Thyroid hormone receptor-β agonist. Once-daily oral pill. MASH resolution: 26-30%. Fibrosis improvement: 24-26%. Annual cost: ~$47,400.

Semaglutide (Wegovy)

GLP-1 receptor agonist. Once-weekly injection. MASH resolution: 63%. Fibrosis improvement: 37%. Annual cost: ~$15,000-18,000.

On efficacy alone, semaglutide appears stronger. But direct head-to-head comparison isn't available, and trial designs differed. Semaglutide's results were at 72 weeks; resmetirom's primary results were at 52 weeks.

Key advantages of semaglutide: also treats obesity, type 2 diabetes, and reduces cardiovascular events. Most MASH patients have metabolic comorbidities that semaglutide addresses simultaneously.

Tirzepatide in the Pipeline

Tirzepatide (Mounjaro/Zepbound), the dual GIP/GLP-1 agonist, showed even more impressive results in a Phase 2 MASH trial:

Outcome (52 weeks)	Tirzepatide 15mg	Placebo
MASH resolution	62%	10%
Fibrosis improvement ≥1 stage	51%	30%

The SYNERGY-OUTCOMES trial (Phase 3) is now underway, comparing tirzepatide and retatrutide (a triple agonist) for major adverse liver outcomes. Results expected ~2028.

Tirzepatide Phase 2 Data

Loomba R, et al. "Tirzepatide for Metabolic Dysfunction-Associated Steatohepatitis with Liver Fibrosis." N Engl J Med. 2024.

NEJM →

The Bigger Picture: Metabolic Disease Convergence

MASH doesn't exist in isolation. Most patients with MASH also have obesity, type 2 diabetes, hypertension, and/or cardiovascular disease. Historically, these were treated separately with different medications.

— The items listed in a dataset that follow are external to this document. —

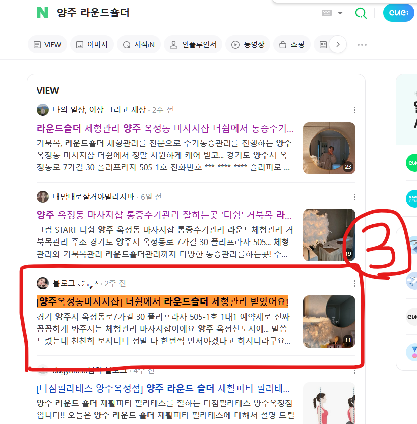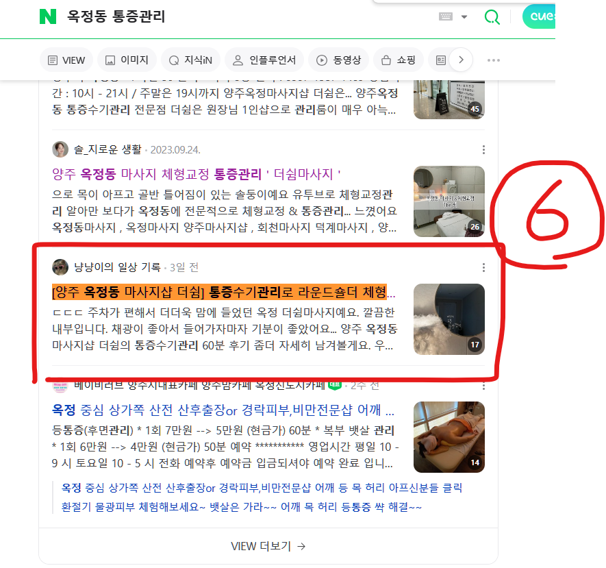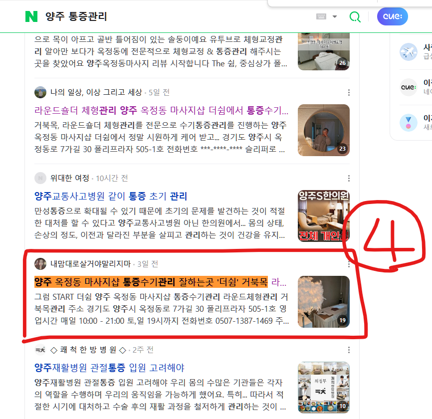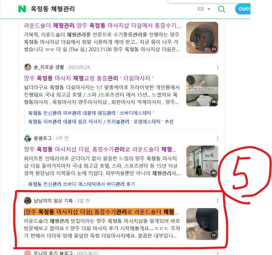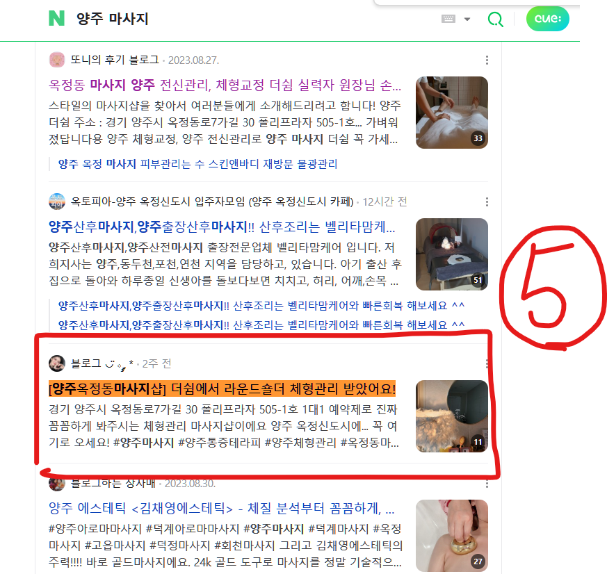 블로그 리뷰 10건 모두 상위 노출하였습니다.
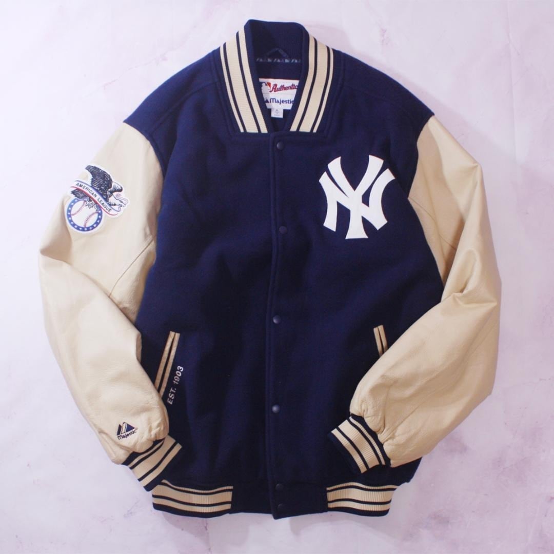 スポーティーなアイテムですが、袖のキャメルカラーのレザーが大人な印象にさせます。
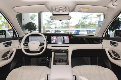 内饰部分:采用粟米的色系元素,与荣威D7 DMH的内饰设计大相径庭,所见的部位均采用白色的软质材料和黑色饰板补充,沙丘式的中控平台,内有12.3英寸的液晶仪表盘+12.3英寸的中控屏,科技感的氛围较足,但视野的通透性也会受到一定的影响,建议驾驶员抬高座椅高度来适应。双幅式的真皮方向盘支持上下+前后调节,外边缘用黑色的皮质包裹,更为耐脏,后方则是一体式的怀挡设计,内饰设计整体较为温馨。
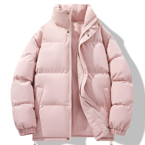 Puffer Jacket excellence is redefined in this soft pink, high-volume design, a cornerstone for any modern winter rotation. This unisex padded winter coat features premium synthetic insulation that provides a high-sense tactile finish and superior heat retention. As a standout stand collar thermal parka, it offers a refined silhouette with a protective zip-up neck and elasticated cuffs. This casual oversized bubble jacket functions as elite windproof couple’s outerwear, transitioning perfectly from urban streetwear to cold-weather travel with effortless, trendy style.

Semaglutide's MASH approval represents a paradigm shift. One medication can now treat:

✓ Obesity (weight loss)
✓ Type 2 diabetes (glycemic control)
✓ Cardiovascular risk (SELECT trial)
✓ MASH with fibrosis (liver protection)

For patients with multiple metabolic conditions—which is most MASH patients—this simplifies treatment considerably.

Important Limitations

The approval is for noncirrhotic MASH with moderate to advanced fibrosis (F2-F3). It's not approved for patients with decompensated cirrhosis or early-stage fatty liver without fibrosis. A 48-week trial of semaglutide in patients with cirrhosis showed it did NOT reverse cirrhosis, though it was safe to use.

Diagnosis Challenge

One barrier to MASH treatment: diagnosis requires liver biopsy. Many patients with MASH are undiagnosed because routine blood tests and imaging don't definitively identify it.

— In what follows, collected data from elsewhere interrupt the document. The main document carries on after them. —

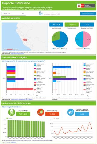 Los reportes estadísticos ambientales departamentales (Dossiers) son documentos de síntesis que contienen datos generales, así como la información estadística más importante sobre la presencia del sector ambiente en los departamentos del Perú, con la finalidad de servir como una herramienta que brinda información de calidad, oportuna y clara sobre el estado del ambiente y los recursos naturales con la finalidad que puedan ser utilizados en los procesos de gestión ambiental y alertar sobre posibles problemas ambientales.
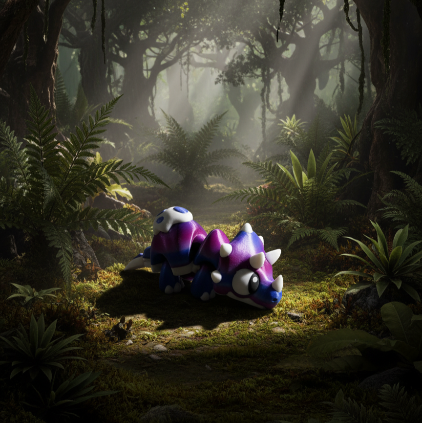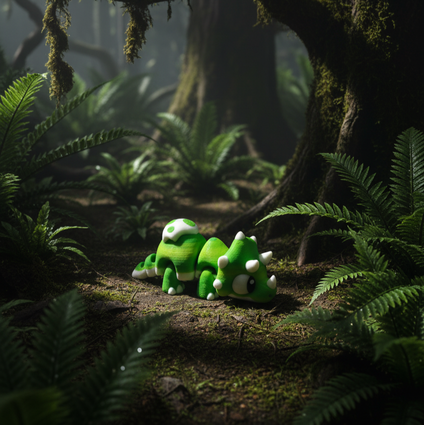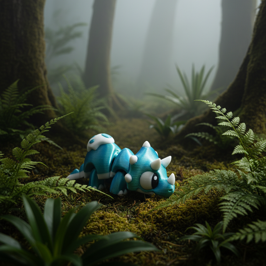 Denne skønne og meget detaljerede baby Triceratops er 3D-printet i høj kvalitet.
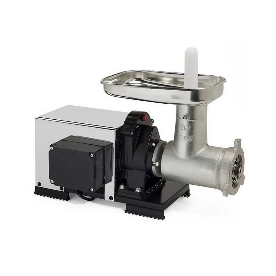 Hachoir à viande 1200w Reber – Hachoir à viande 9504 NSPI de Reber avec moteur électrique à induction. Plaque et couteaux auto aiguisage en acier. Ventilateur de refroidissement. Boitier interrupteur. Condensateur étanche. Corps et vis sans fin en acier étampé. – Type de produit : Hache viande.Capacité : 100 à 160kg/h.Puissance : 1200W.Corps : Acier étampé.Moteur : Electrique à induction.Condensateur étanche.Livré avec une grille de 6.Dimensions (L x l x h) : 56.5x23x36.5 cm.Poids : 18,6 kg.
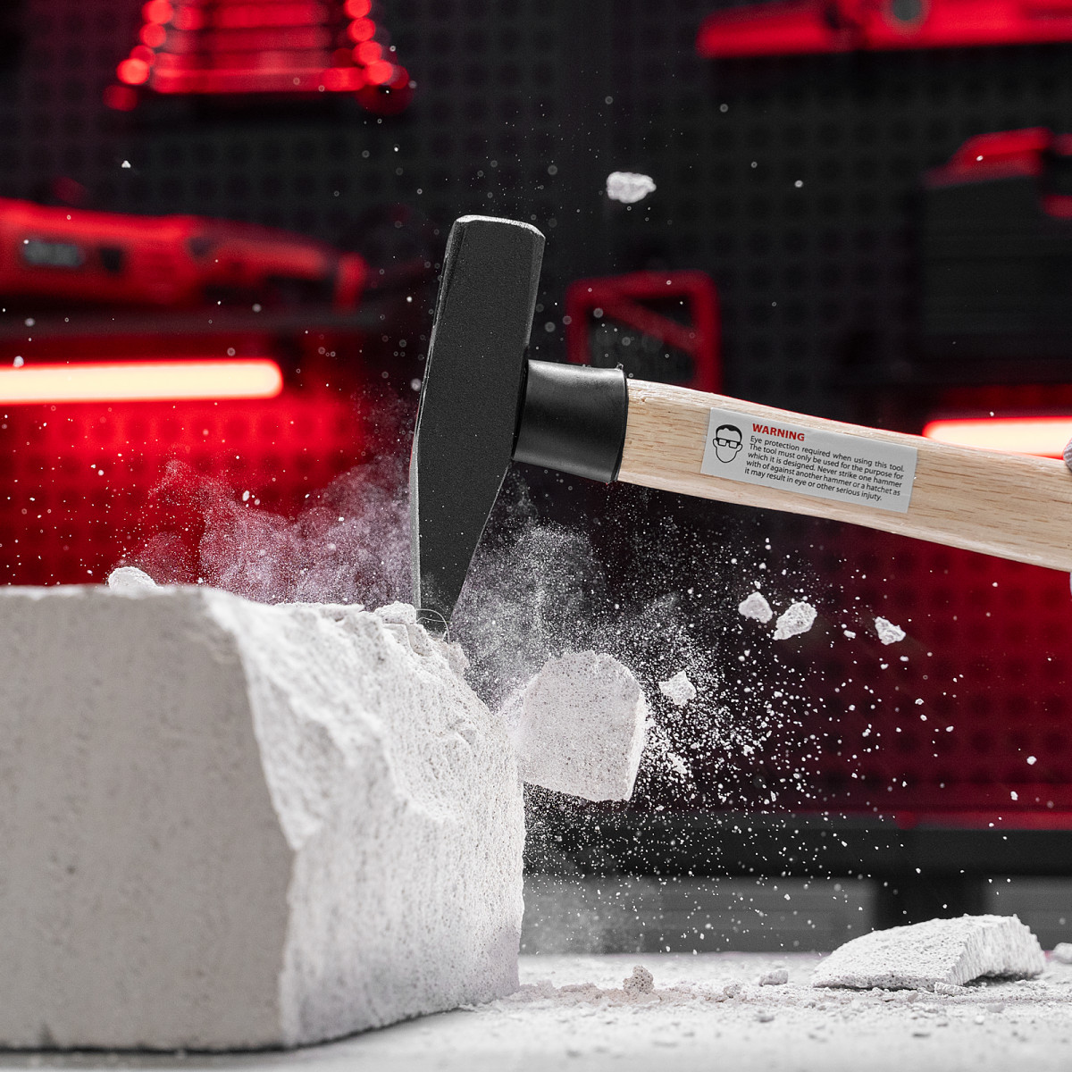 • Надежная конструкция — рукоятка расклинена, головка дополнительно зафиксирована эпоксидным клеем, увеличенная «юбка» в месте всада защищает рукоятку в случае промаха при ударе.

Importantly, neither resmetirom nor semaglutide prescribing information requires liver biopsy for diagnosis. Non-invasive tests (FibroScan, blood biomarkers) can identify patients likely to benefit. But many clinicians are still learning how to diagnose MASH without biopsy.

Access and Insurance

Many patients already taking semaglutide for diabetes or obesity will benefit from its liver effects without needing additional approval. The MASH indication expands access for patients who have MASH but don't meet criteria for diabetes or obesity indications.

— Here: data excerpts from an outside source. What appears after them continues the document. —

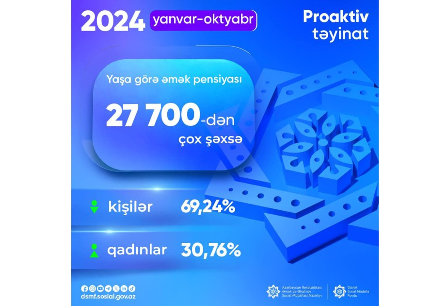 Bu ilin yanvar-oktyabr aylarında 27 min 700 nəfərdən çox şəxsə proaktiv qaydada yaşa görə əmək pensiyası təyin olunub.
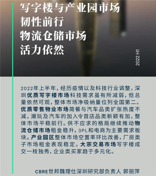 CBRE深圳分公司董事總經理吳偉冬表示,未來半年,受疫情和房地產行業(yè)宏觀調控雙重因素的影響,開發(fā)商對于現金流的追求將令大宗交易的供應端增加,可售寫字樓和零售物業(yè)將增多,從而推升大宗交易市場的整體活躍度。預計下半年市場交易額將步入上升通道,寫字樓與零售物業(yè)可售項目增多帶來的競爭性增加導致部分項目價格談判空間變大,從而促成成交。工業(yè)物業(yè)方面,憑借穩(wěn)定的租金增長、可通過REITs實現資本退出以及可通過城市更新實現較高增值的投資屬性,將繼續(xù)受到投資者的青睞,若出現優(yōu)質的投資標的,將吸引眾多投資者的重點關注。
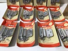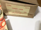 12 pair of semi-concealed cabinet door hinges, new old stock on cards in box, 3/8" inset mounted-3/8" offset, #826-CM, plated bright chrome finish, "Standard" brand, Shelby Metal Products Company, Shelby, Ohio.
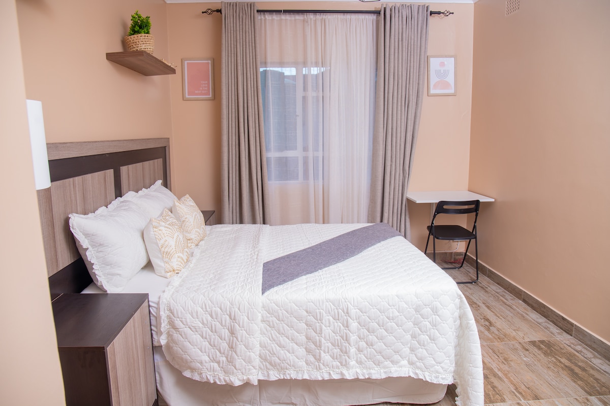 Selamat datang ke apartmen tiga bilik tidur kami yang luas dan selesa yang terletak di kawasan Highlands Harare yang tenang. Sesuai untuk keluarga, kumpulan, atau pengembara perniagaan. Apartmen ini menawarkan gabungan kehidupan moden dan keselesaan rumah. Bilik tidur utama mempunyai katil bersaiz king dan bilik mandi persendirian untuk kemudahan tambahan. Bilik tidur kedua mempunyai katil bersaiz queen yang selesa, manakala bilik tidur ketiga disediakan untuk kanak-kanak, dua katil berkembar.
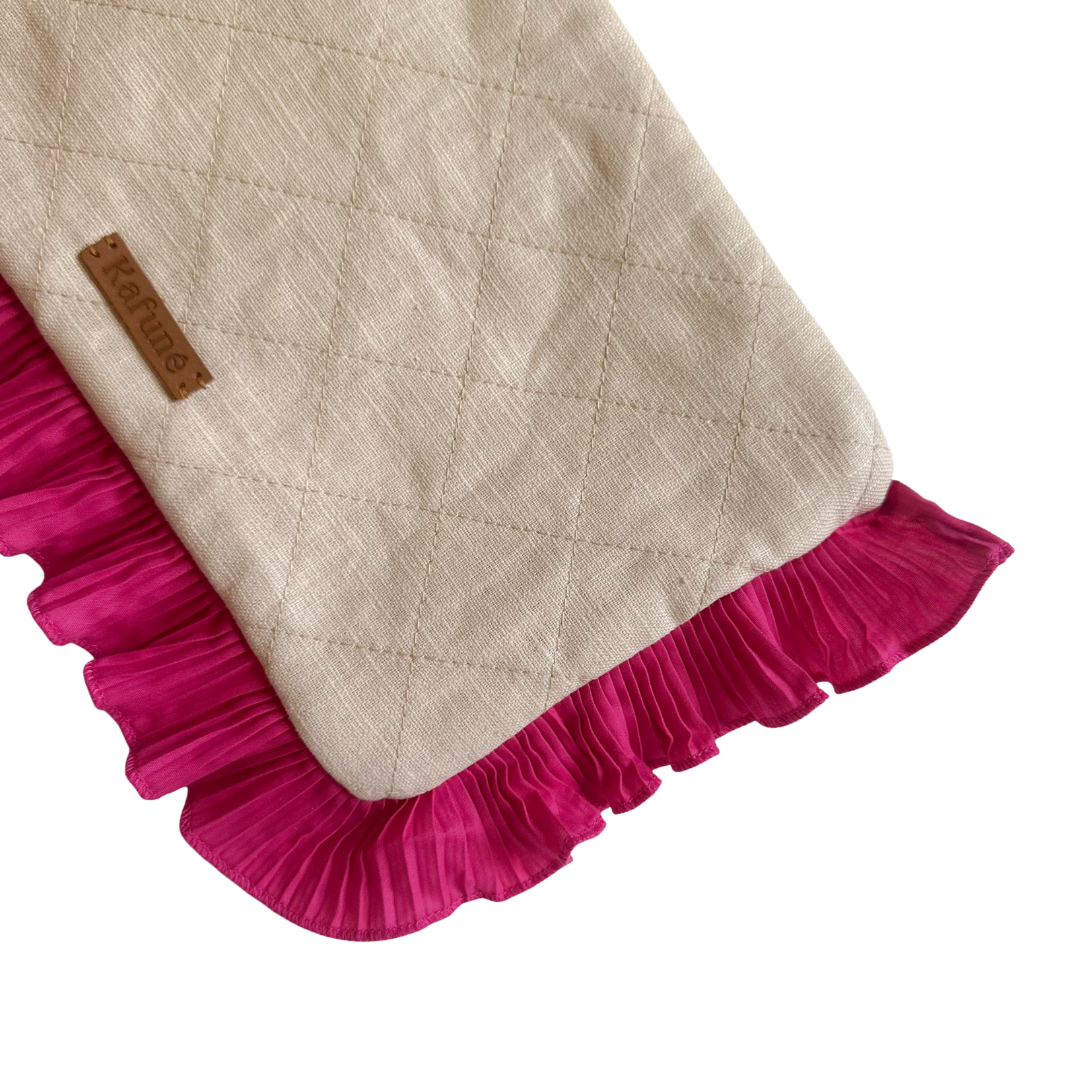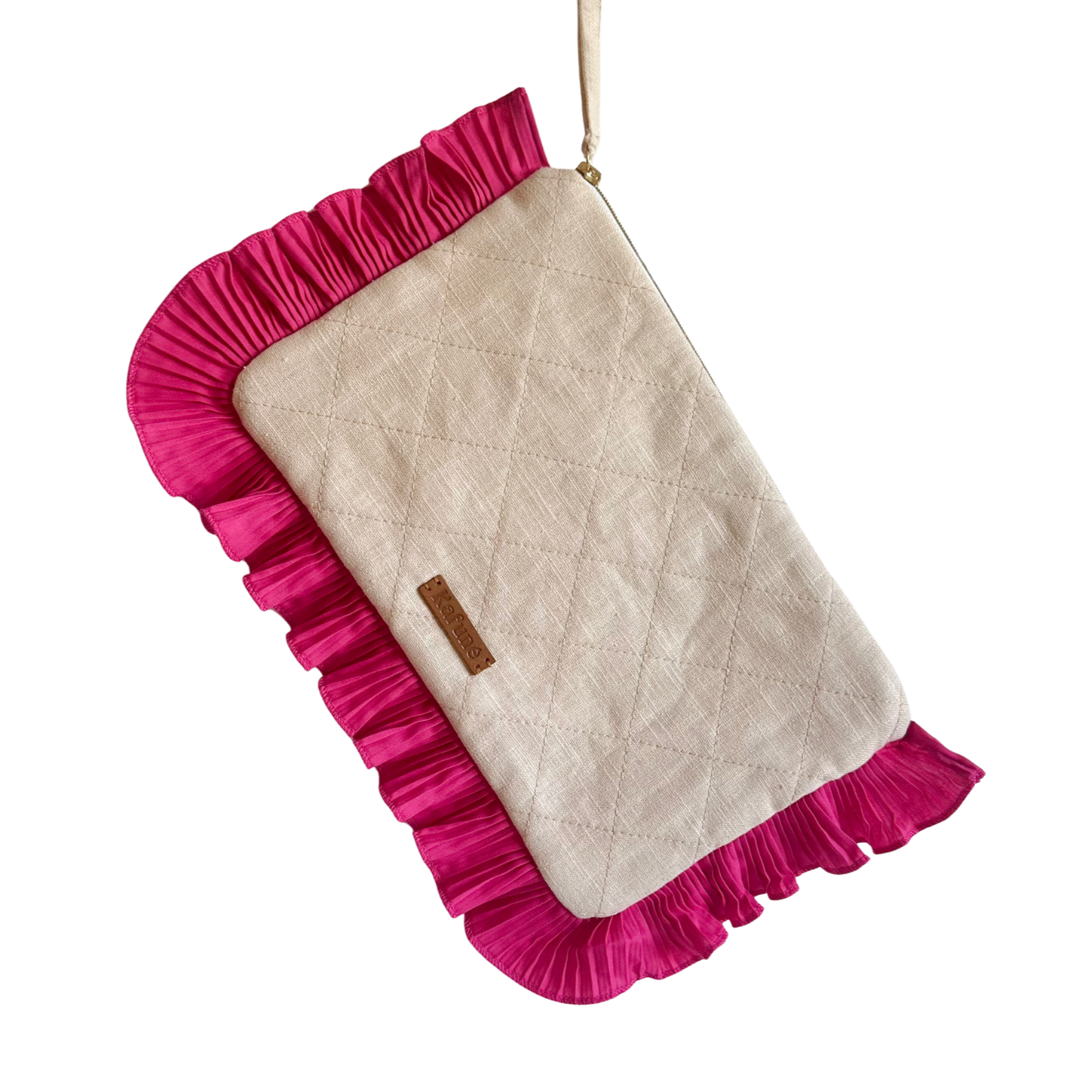 Mala em linho com plissados, feita à mão em Portugal e finalizada com uma etiqueta em pele sintética.

Insurance coverage varies. Some plans may require prior authorization or step therapy (trying lifestyle modification first). The MASH indication may help patients who were denied coverage for obesity get approved based on liver disease.

What This Means

Semaglutide is now the second FDA-approved treatment for MASH and arguably the most practical first-line option for patients with metabolic comorbidities. Its ability to simultaneously address obesity, diabetes, cardiovascular risk, and liver disease makes it uniquely suited for the typical MASH patient. With tirzepatide in Phase 3 trials, even more effective options may be coming.